Turkish media have speculated that homegrown radical Islamic militants affiliated with al-Qaeda are preparing to avenge the May 2 killing of al-Qaeda leader Osama bin Laden in the Pakistani garrison town of Abbottabad by US forces.
In Washington on Wednesday, US Department of State spokesman Mark Toner said: “We’ve obviously seen the press reports. I’m aware that our embassy is in touch, as they always are, with Turkish authorities about these arrests.”
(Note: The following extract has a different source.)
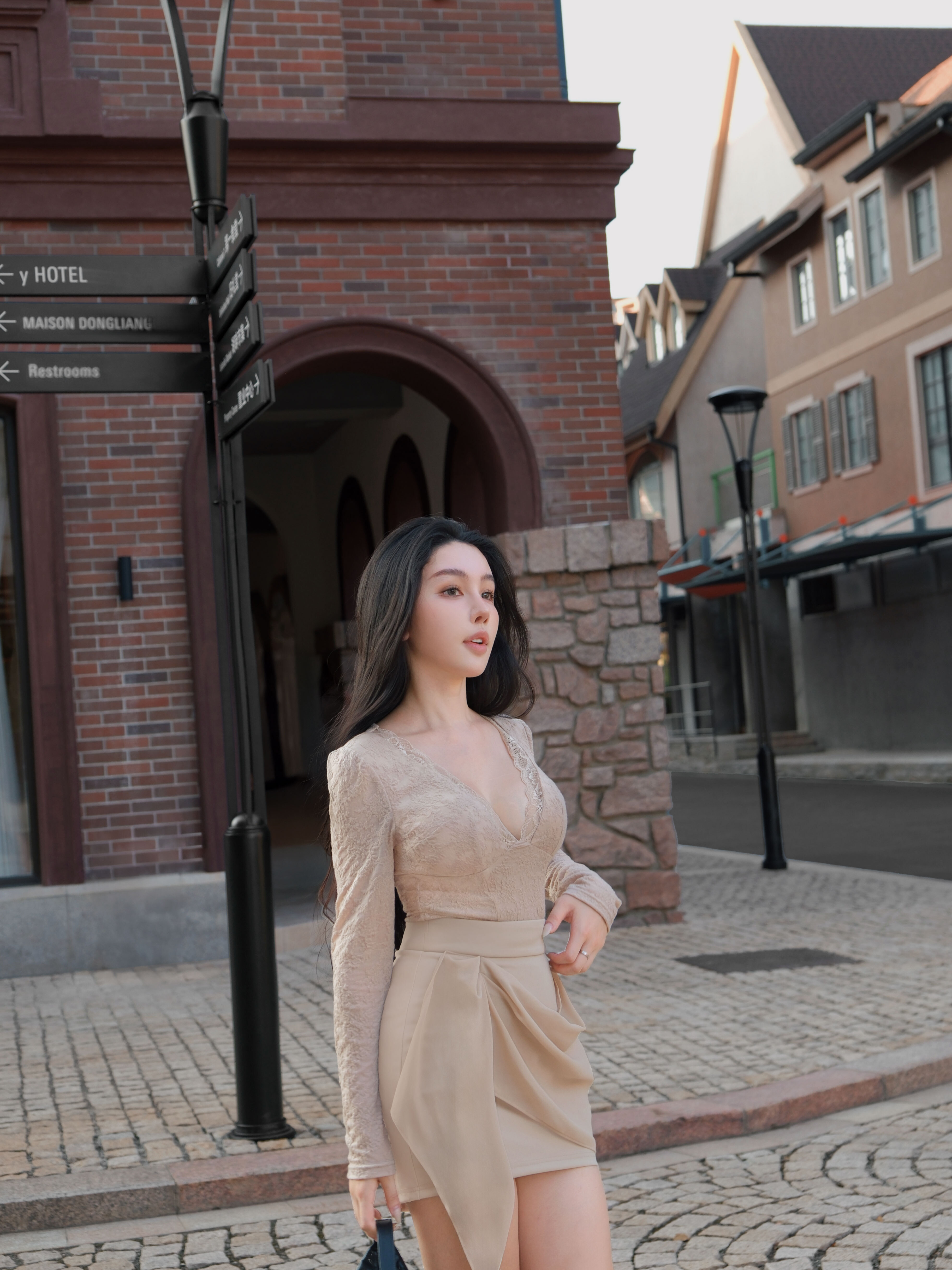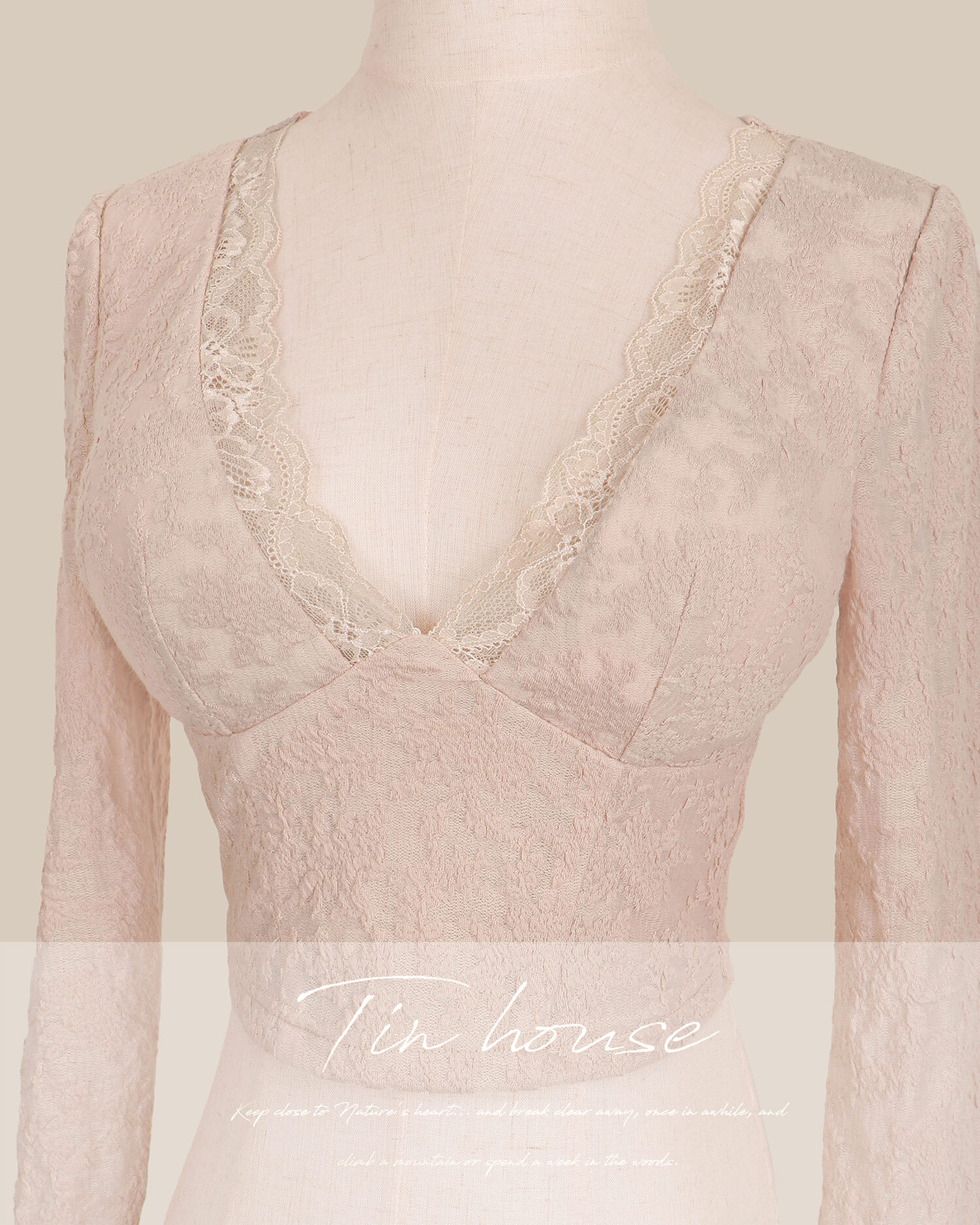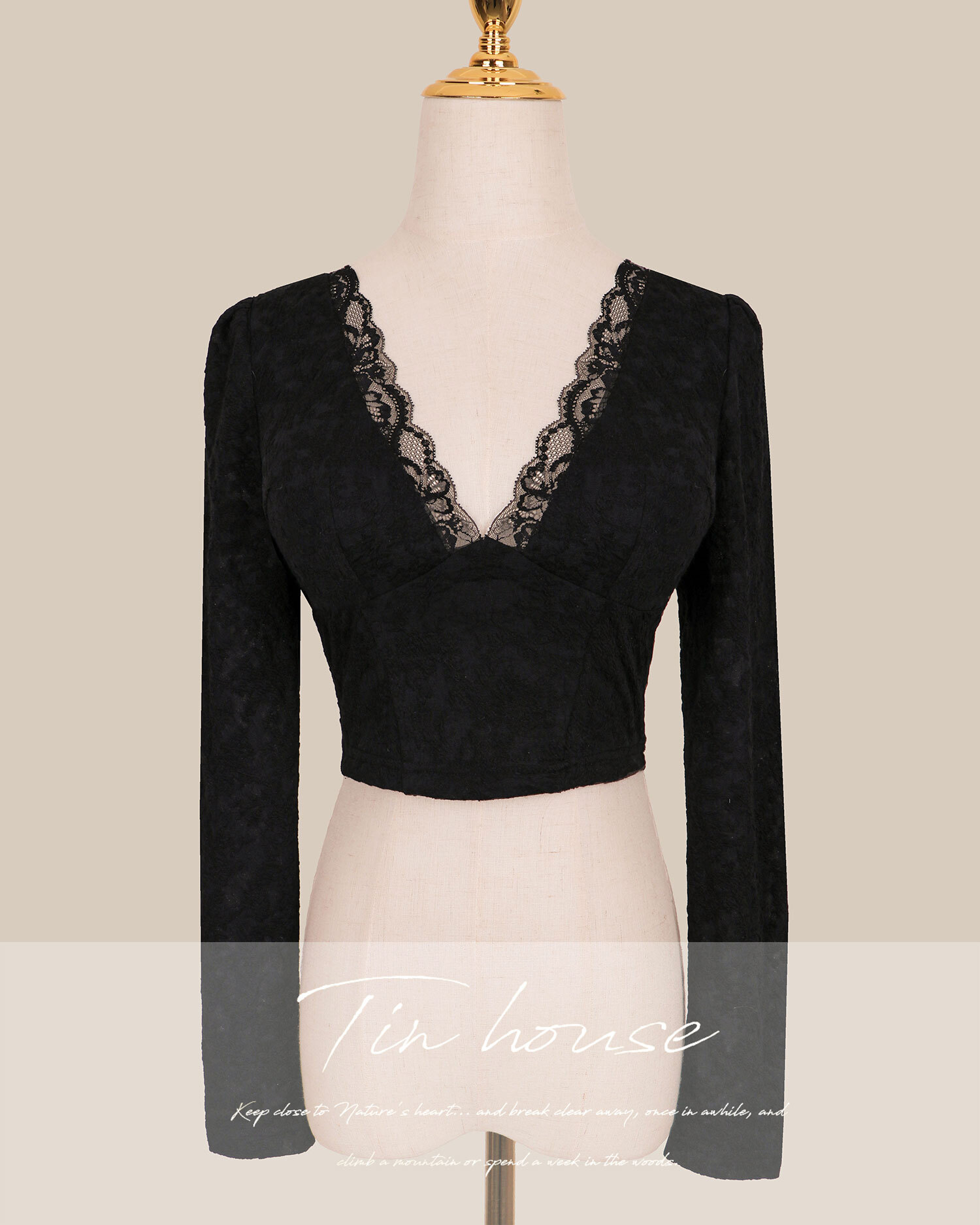 訂製-性感宮廷蕾絲低胸長袖上衣

Clinton is to visit Istanbul today and tomorrow to meet with the Libya Contact Group, which includes more than 40 nations that are participating in or are backing the NATO mission supporting opponents of Libyan leader Muammar Qaddafi. Clinton is also scheduled to meet with Turkish officials to discuss Libya, Syria and the Middle East peace process.
Al-Qaeda’s austere and violent interpretation of Islam receives little public backing in Turkey, a predominantly Muslim, but officially secular country.
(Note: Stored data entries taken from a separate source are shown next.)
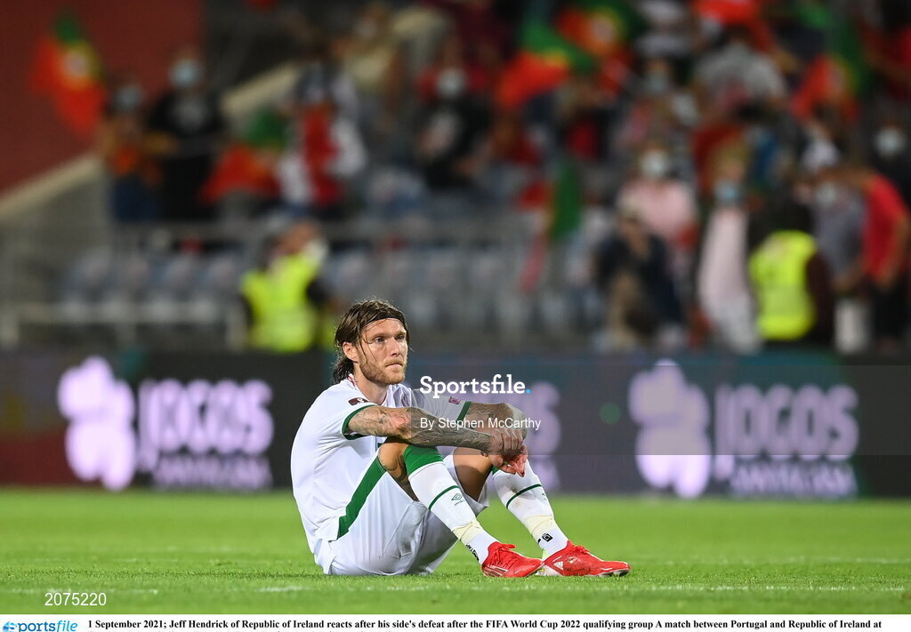 1 September 2021; Jeff Hendrick of Republic of Ireland reacts after his side's defeat after the FIFA World Cup 2022 qualifying group A match between Portugal and Republic of Ireland at Estádio Algarve in Faro, Portugal. Photo by Stephen McCarthy/Sportsfile
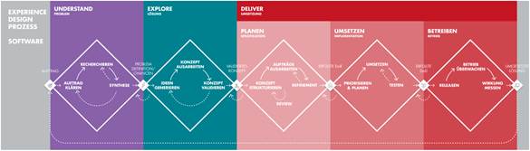 Ein Entwurf für einen Experience Design Prozess für Software (Quelle: Helvetia Schweiz)
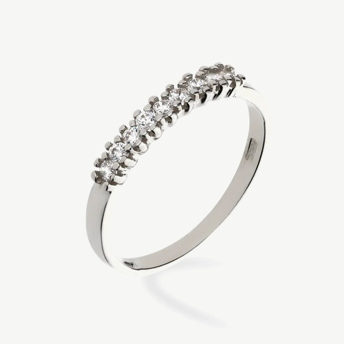 Realizzato in oro bianco 9 carati, questo anello unisce resistenza e stile, risultando perfetto da indossare ogni giorno oppure nelle occasioni speciali. Il design essenziale ma sofisticato lo rende facilmente abbinabile ad altri gioielli, valorizzando qualsiasi look, dal più casual al più elegante.
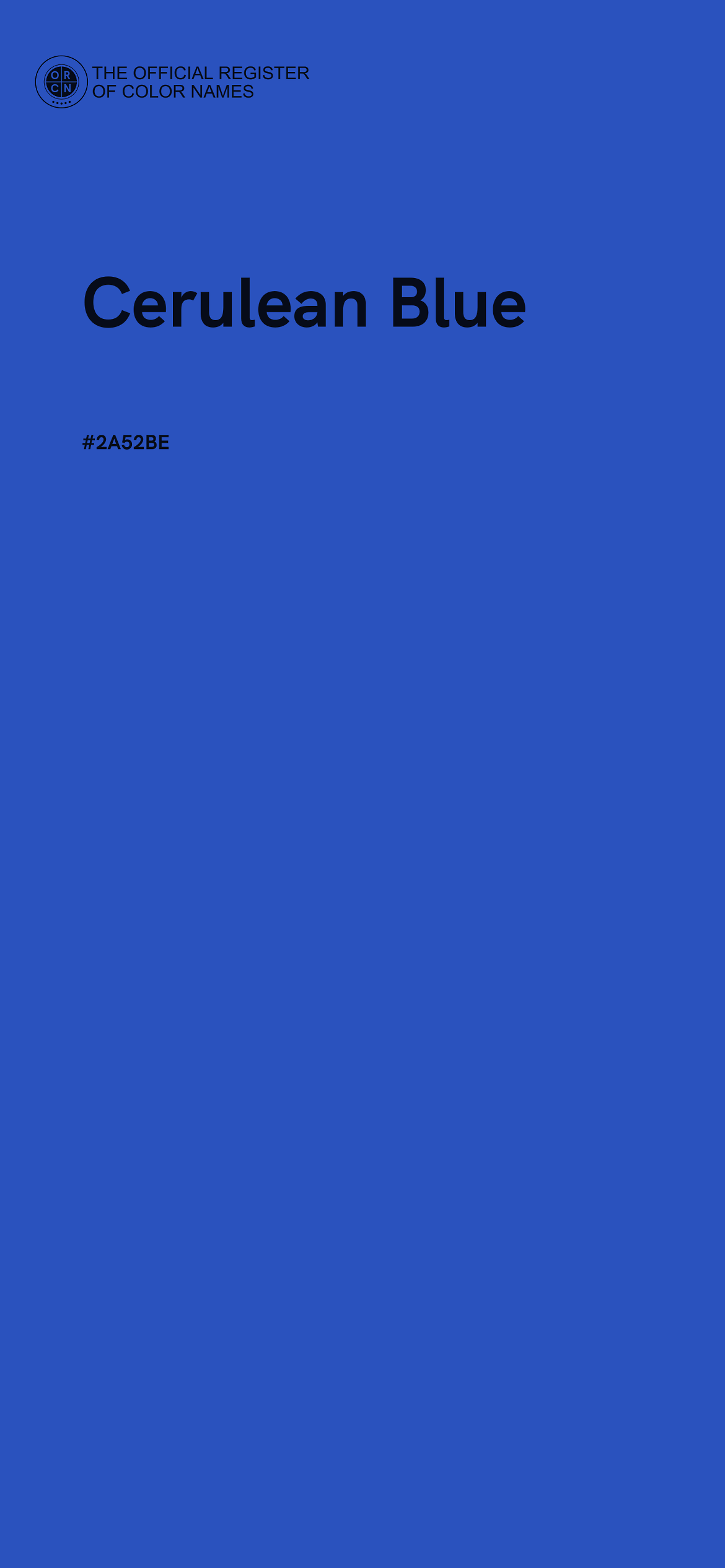 The digital color HEX #2A52BE, known as "Cerulean Blue", belongs to the Azure Color Family featuring High Saturation (Saturation Family) and Light (Brightness Family).
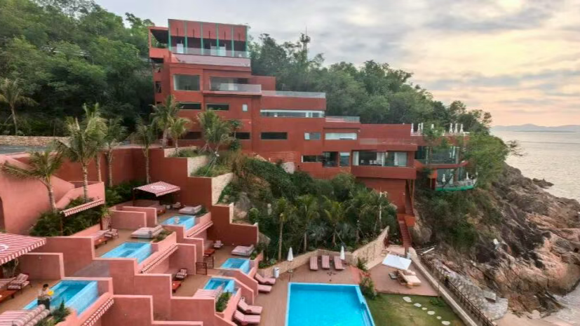 廣東江門一小車沖破護欄懸掛湖邊
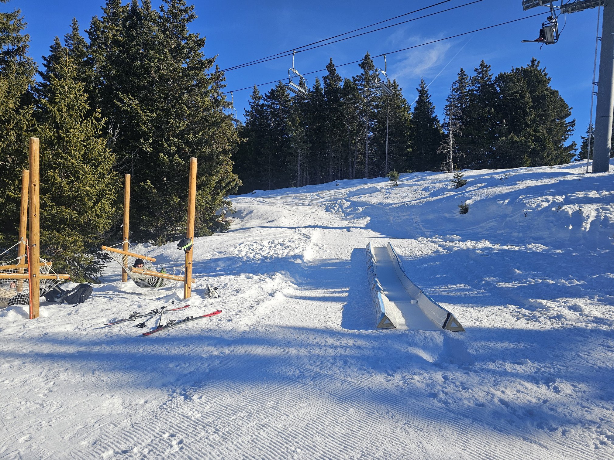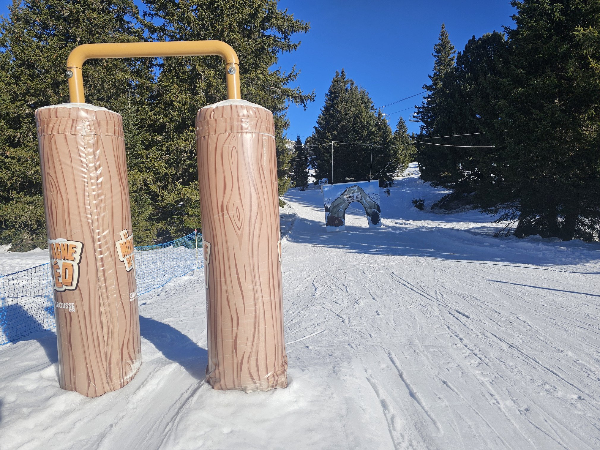 Une fois arrivé à la Montagne, je prends quelques photos. Il y a tout dont les 3 hamacs géants, le toboggan et la toute nouvelle cabine « L’étape » (pour manger à l’abri). Des jeux sont aussi disponibles sur la piste de Eterlou ; franchement, on a une belle proposition famille ici.

However, al-Qaeda and several other radical Islamic groups have been active in Turkey before.
Last month, police arrested 10 suspected al-Qaeda militants in the southern Turkish city of Adana, which is home to the Incirlik Air Base used by the US to transfer noncombat supplies to Iraq and Afghanistan. Authorities have said Islamic militants tied to al-Qaeda planned to attack Incirlik in the past, but were deterred by high security.
Turkish authorities have said dozens of Turkish Islamic militants have received training in Afghanistan.
In 2008, an attack blamed on al-Qaeda-affiliated militants outside the US consulate in Istanbul left three assailants and three policemen dead.
In 2003, homegrown Islamic militants tied to al-Qaeda attacked the British Consulate, a British bank and two synagogues in Istanbul, killing 58 people.